I have been muddling through teaching myself Japanese for a few years now, for better or worse. Along the way I have encountered a lot of pitfalls, and and managed to overcome a lot of challenges. Learning Japanese is not easy, but if you want to start down the road, I will share some of the things I have learned along the way.
1. Start by learning the kana.
The absolute first step in learning Japanese should be to learn hiragana and katakana. This will make your life so much easier. You simply won’t be able to get very far if you don’t know them, and it will utterly sabotage your learning more and more as you go along. There are a lot of them (46 of each), so it may take some serious studying. Also if you have never learning another set of symbols, it can be a bit mind bending at first, but it’s an amazing experience once you can finally look at something like this: てんきがいいからさんぽうしましょう and be able to make sounds out of it!
This brings me to my next tip, which is:
2. Avoid Romaji
Romaji is the writing of Japanese words in our letters. You probably come across it all the time if you are into Japanese culture at all.
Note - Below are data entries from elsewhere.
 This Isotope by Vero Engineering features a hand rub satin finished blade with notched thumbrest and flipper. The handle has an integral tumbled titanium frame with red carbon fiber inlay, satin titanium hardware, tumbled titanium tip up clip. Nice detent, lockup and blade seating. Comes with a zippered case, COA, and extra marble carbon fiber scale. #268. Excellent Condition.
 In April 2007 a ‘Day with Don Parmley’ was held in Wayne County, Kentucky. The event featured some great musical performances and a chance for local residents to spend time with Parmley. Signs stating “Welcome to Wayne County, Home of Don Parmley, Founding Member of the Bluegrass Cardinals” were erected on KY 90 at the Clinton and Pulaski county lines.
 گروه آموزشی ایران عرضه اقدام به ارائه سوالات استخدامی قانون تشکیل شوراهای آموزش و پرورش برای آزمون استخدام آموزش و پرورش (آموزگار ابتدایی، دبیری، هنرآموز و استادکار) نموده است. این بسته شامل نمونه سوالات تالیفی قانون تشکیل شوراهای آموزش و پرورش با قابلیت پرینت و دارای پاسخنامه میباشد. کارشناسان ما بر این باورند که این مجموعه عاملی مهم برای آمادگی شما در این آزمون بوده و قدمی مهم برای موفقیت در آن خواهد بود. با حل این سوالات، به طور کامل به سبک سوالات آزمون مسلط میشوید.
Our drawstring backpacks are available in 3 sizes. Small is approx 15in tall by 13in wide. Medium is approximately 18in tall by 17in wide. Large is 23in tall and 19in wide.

Many Japanese textbooks use Romaji, and it may be fine for learning pronounciation, but once you know the kana it will really ruin your learning of the language. It will leave you utterly illiterate in the written language, and it will eventually make Japanese sentences too difficult to parse.
When you get to the intermediate level, there are many clues as to the meanings of sentences embedded in the placement of characters. Without having these available to you, you will eventually become frustrated and hit a total wall in your studies.
3. Use Flash Cards
Use flash cards for everything! Repeatedly drilling yourself on pretty much everything you learn is simply required to learn. There is so much to study and a lot of it looks the same, so not reviewing thingswill lead to confusion pretty quickly.
For a really good computer flashcard system, the free program Anki. It tracks how well you know each bit of information, and and automatically manages how often to show each card. It sure beats buying and wrestling with a bunch of index cards, trust me.
4. Begin Studying Kanji Early
Kanji are those horrible characters in which each one is a separate word or idea. To be proficient in Japanese, you have to learn around 2000 of these delightful little joys. This means you had better start early, because you don’t want to the point where you can’t continue without knowing them and then have to cram.
Many classical study methods for these things would have you learn both the meaning and the (sometimes many) pronunciations of each character. I have discovered that it is simply better to learn the meaning of each Kanji, then just learn the pronunciations as you go.
There is a great book dedicated to learning the meanings, Remembering the Kanji.
The method outlined in this book really works well.
As a companion to that, a good Kanji dictionary is a must. I would recommend The Kodansha Kanji Learner’s Dictionary. It has a really cool method for looking them up. My copy is dog-eared from heavy use. In fact it is one of the things I have made sure to take with me to Japan the times I have actually been there.
Hopefully these tips will help you, good luck with your studies!